# WHAT TO DO:
Give back every record verbatim, but not the pictures.

[Opening SUPPLIED MATERIAL section]

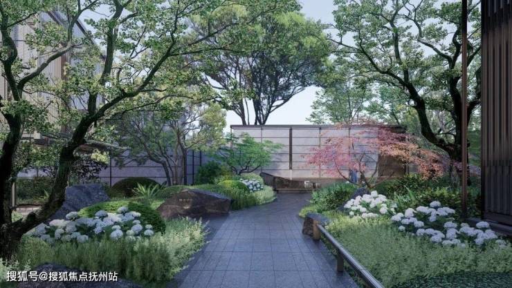 一条清韵石径,挑选造型独特的石头、三两组合成景,搭配特选的造型植物,极具艺术美感。而清泉石流景墙背后,就是未来业主的生活区。
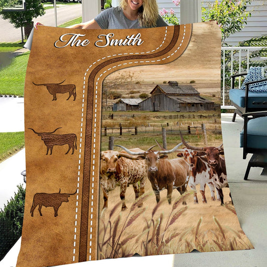 Personalized Texas Longhorn Cattle In Field Farmhouse Blanket, Farm Blanket, Farm Animal Blanket
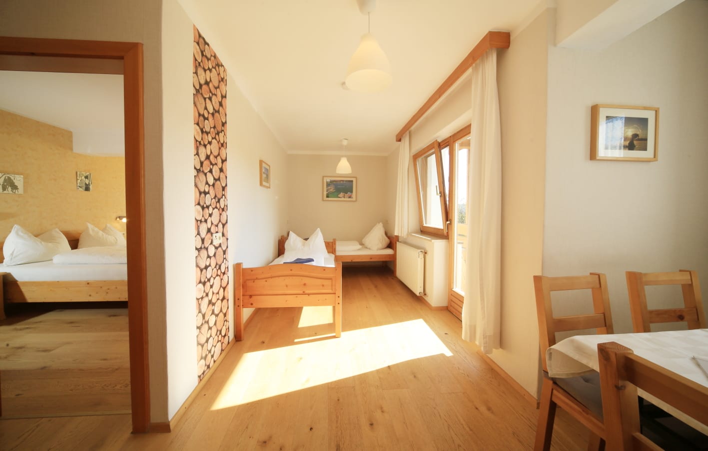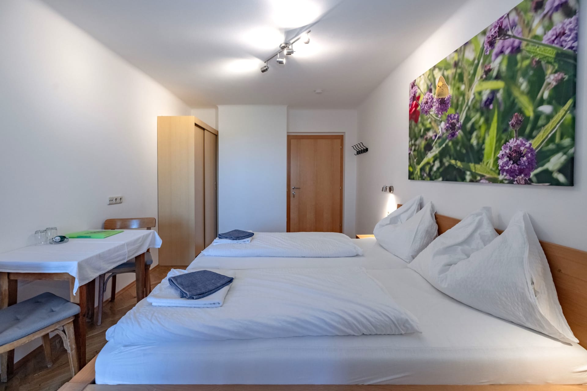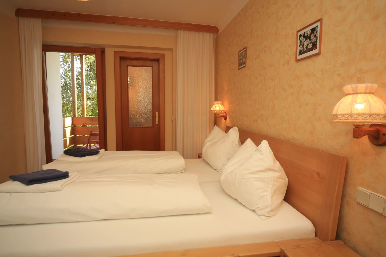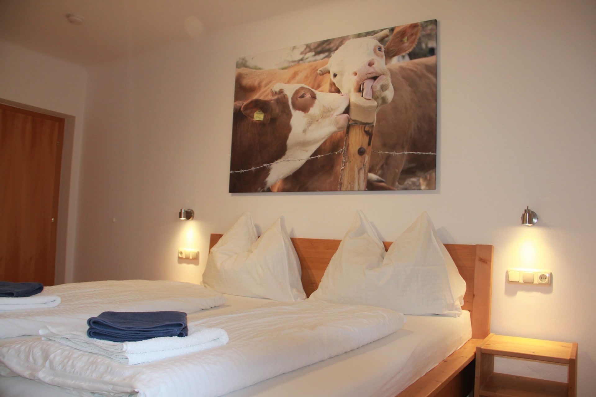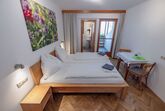Gemütlich eingerichtete Doppelzimmer mit DU/WC und Balkon, großteils ausgerichtet Richtung Osten mit Blick auf unseren Obstgarten und unsere Wiesen. Genießen Sie den Sonnenaufgang und beobachten Sie vom Balkon aus die Kühe auf der Weide.
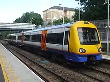 London Overground operated eight two-car Class 172s on the Gospel Oak to Barking line, replacing the old Class 150 stock. The units were originally meant to be in service from February 2010,[12] but due to production issues and then what were thought to be exhaust problems (which proved to be a false alarm),[13] the trains entered service only in July 2010, and at reduced capacity due to staff training problems. By December 2010 the whole fleet was in service, allowing the Class 150s to be cascaded to First Great Western and other operators. The units were leased by Angel Trains.[14]
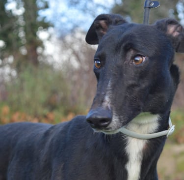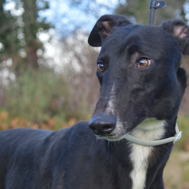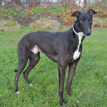 Meet Vince, the two and a half year old black greyhound looking for his forever home. Despite his size, Vince has a big heart and an even bigger personality. He is intelligent, quick to learn, and always ready to show off his clever side.... especially if there's a treat involved.
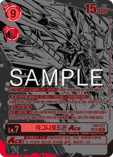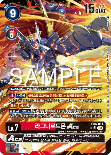 DNA DigivolutionRedLv.6 +BlackLv.6: Cost 0 Digivolve unsuspended with the 2 specified Digimon stacked on top of each other.
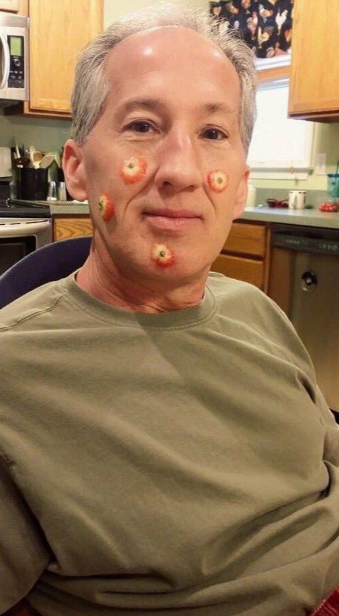 8. Az édesapám ezt a fotót küldte nekem, és azt fűzte hozzá, hogy nagy és csúnya pattanások jöttek ki az arcán reggelre. Amikor rémülten felhívtam, elárulta, hogy valójában csak epervégeket tapasztott az arcára, hogy megvicceljen engem.
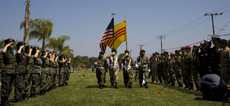 Toán rước Quốc Kỳ Hoa Kỳ - Việt Nam Cộng Hòa do Hội Cựu Chiến Sĩ QL/VNCH đang tiến vào vị trí hành lễ (Hình Trương Tuấn)
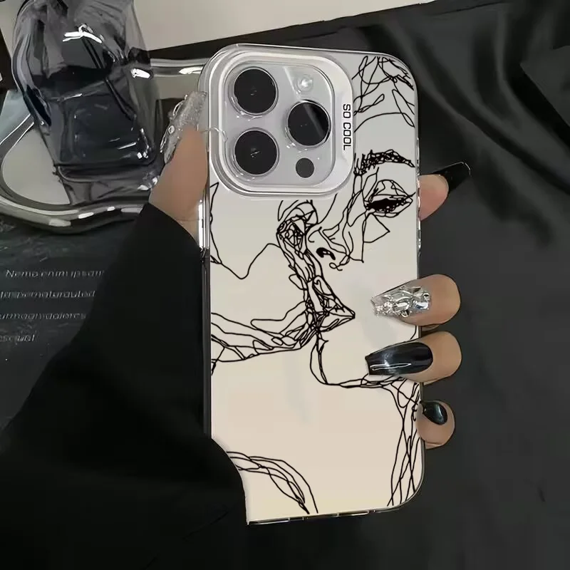 Funda estética de línea abstracta para Xiaomi Redmi A1, 13C, 9C, 9T, Note 7, 8, 9, 9S, 10, 11, 12, 13 Pro, K60 Ultra, 4G, 5G, cubierta trasera mate - imagen 1

[Closing SUPPLIED MATERIAL section]

# ANSWER TO THE EXERCISE:
 一条清韵石径,挑选造型独特的石头、三两组合成景,搭配特选的造型植物,极具艺术美感。而清泉石流景墙背后,就是未来业主的生活区。
 Personalized Texas Longhorn Cattle In Field Farmhouse Blanket, Farm Blanket, Farm Animal Blanket
Gemütlich eingerichtete Doppelzimmer mit DU/WC und Balkon, großteils ausgerichtet Richtung Osten mit Blick auf unseren Obstgarten und unsere Wiesen. Genießen Sie den Sonnenaufgang und beobachten Sie vom Balkon aus die Kühe auf der Weide.
 London Overground operated eight two-car Class 172s on the Gospel Oak to Barking line, replacing the old Class 150 stock. The units were originally meant to be in service from February 2010,[12] but due to production issues and then what were thought to be exhaust problems (which proved to be a false alarm),[13] the trains entered service only in July 2010, and at reduced capacity due to staff training problems. By December 2010 the whole fleet was in service, allowing the Class 150s to be cascaded to First Great Western and other operators. The units were leased by Angel Trains.[14]
 Meet Vince, the two and a half year old black greyhound looking for his forever home. Despite his size, Vince has a big heart and an even bigger personality. He is intelligent, quick to learn, and always ready to show off his clever side.... especially if there's a treat involved.
 DNA DigivolutionRedLv.6 +BlackLv.6: Cost 0 Digivolve unsuspended with the 2 specified Digimon stacked on top of each other.
 8. Az édesapám ezt a fotót küldte nekem, és azt fűzte hozzá, hogy nagy és csúnya pattanások jöttek ki az arcán reggelre. Amikor rémülten felhívtam, elárulta, hogy valójában csak epervégeket tapasztott az arcára, hogy megvicceljen engem.
 Toán rước Quốc Kỳ Hoa Kỳ - Việt Nam Cộng Hòa do Hội Cựu Chiến Sĩ QL/VNCH đang tiến vào vị trí hành lễ (Hình Trương Tuấn)
 Funda estética de línea abstracta para Xiaomi Redmi A1, 13C, 9C, 9T, Note 7, 8, 9, 9S, 10, 11, 12, 13 Pro, K60 Ultra, 4G, 5G, cubierta trasera mate - imagen 1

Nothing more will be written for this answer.